* Exercise directions:
Write out the entire listing below exactly, with the pictures left out.

* Data block:
============
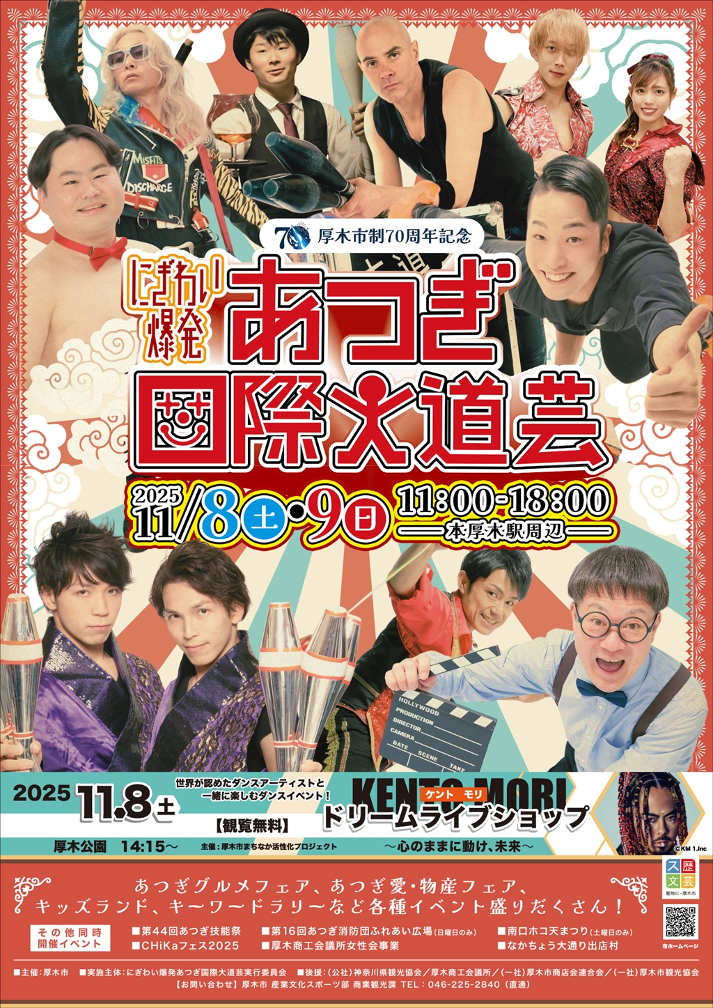 厚木市制70周年記念「にぎわい爆発あつぎ国際大道芸2025」11月8日(土)・9日(日)本厚木駅周辺で開催。
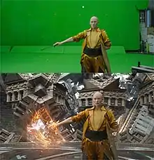 Production moved to Longcross Studios in Surrey, England on November 11,[152] and was scheduled to stay there until March 2016.[153] The real Kathmandu street that led into the fictional Kamar-Taj courtyard was replicated at Longcross, which production designer Charles Wood described as "very hard because Kathmandu is a most beautiful city and it's steeped in history. To transition from that level of detail and history, with the shape of the streets, the warping of the buildings, these ancient bricks and these ancient tiles, was a real challenge." For authenticity, the set was dressed with real food, and populated with dogs, pigeons, and Nepalese extras, many of whom were relatives of people who live on the real Kathmandu street.[147] The inside of Kamar-Taj was also constructed at Longcross, with "sculptors creating beautiful columns and wall decorations and craftsmen building screens and doors to evoke the exotic feel of the ancient sanctuary." Wood's goal was to make the set feel like the Ancient One and her disciples actually lived there, and give it a "truly spiritual, truly magical" feel, while integrating it into a real building that the production filmed in Kathmandu. This and the Kathmandu street were two of twenty-one sets that the crew built at Longcross. Others included Doctor Strange's Sanctum Sanctorum, and a Hong Kong street "complete with over 80 neon signs and a giant roof to keep the rain out."[147] Citypoint on Ropemaker Street, London, doubled as the New York City building where the Ancient One falls to her death.[154]
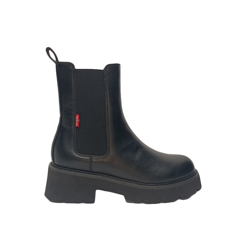 Μποτάκι Levi’s σε μαύρο χρώμα με το λογότυπο της εταιρίας στο πίσω μέρος και ματ τελείωμα. Διαθέτει λάστιχο για εύκολη εφαρμογή, υφασμάτινη επένδυση εσωτερικά και τρακτερωτή σόλα με χαμηλό τακούνι.
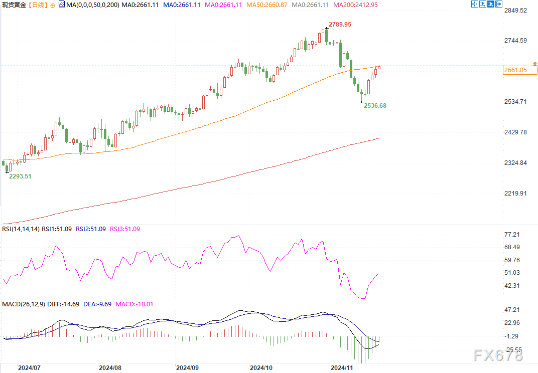 北京时间11月21日,现货黄金报2661.32美元/盎司
============
* Result below:
 厚木市制70周年記念「にぎわい爆発あつぎ国際大道芸2025」11月8日(土)・9日(日)本厚木駅周辺で開催。
 Production moved to Longcross Studios in Surrey, England on November 11,[152] and was scheduled to stay there until March 2016.[153] The real Kathmandu street that led into the fictional Kamar-Taj courtyard was replicated at Longcross, which production designer Charles Wood described as "very hard because Kathmandu is a most beautiful city and it's steeped in history. To transition from that level of detail and history, with the shape of the streets, the warping of the buildings, these ancient bricks and these ancient tiles, was a real challenge." For authenticity, the set was dressed with real food, and populated with dogs, pigeons, and Nepalese extras, many of whom were relatives of people who live on the real Kathmandu street.[147] The inside of Kamar-Taj was also constructed at Longcross, with "sculptors creating beautiful columns and wall decorations and craftsmen building screens and doors to evoke the exotic feel of the ancient sanctuary." Wood's goal was to make the set feel like the Ancient One and her disciples actually lived there, and give it a "truly spiritual, truly magical" feel, while integrating it into a real building that the production filmed in Kathmandu. This and the Kathmandu street were two of twenty-one sets that the crew built at Longcross. Others included Doctor Strange's Sanctum Sanctorum, and a Hong Kong street "complete with over 80 neon signs and a giant roof to keep the rain out."[147] Citypoint on Ropemaker Street, London, doubled as the New York City building where the Ancient One falls to her death.[154]
 Μποτάκι Levi’s σε μαύρο χρώμα με το λογότυπο της εταιρίας στο πίσω μέρος και ματ τελείωμα. Διαθέτει λάστιχο για εύκολη εφαρμογή, υφασμάτινη επένδυση εσωτερικά και τρακτερωτή σόλα με χαμηλό τακούνι.
 北京时间11月21日,现货黄金报2661.32美元/盎司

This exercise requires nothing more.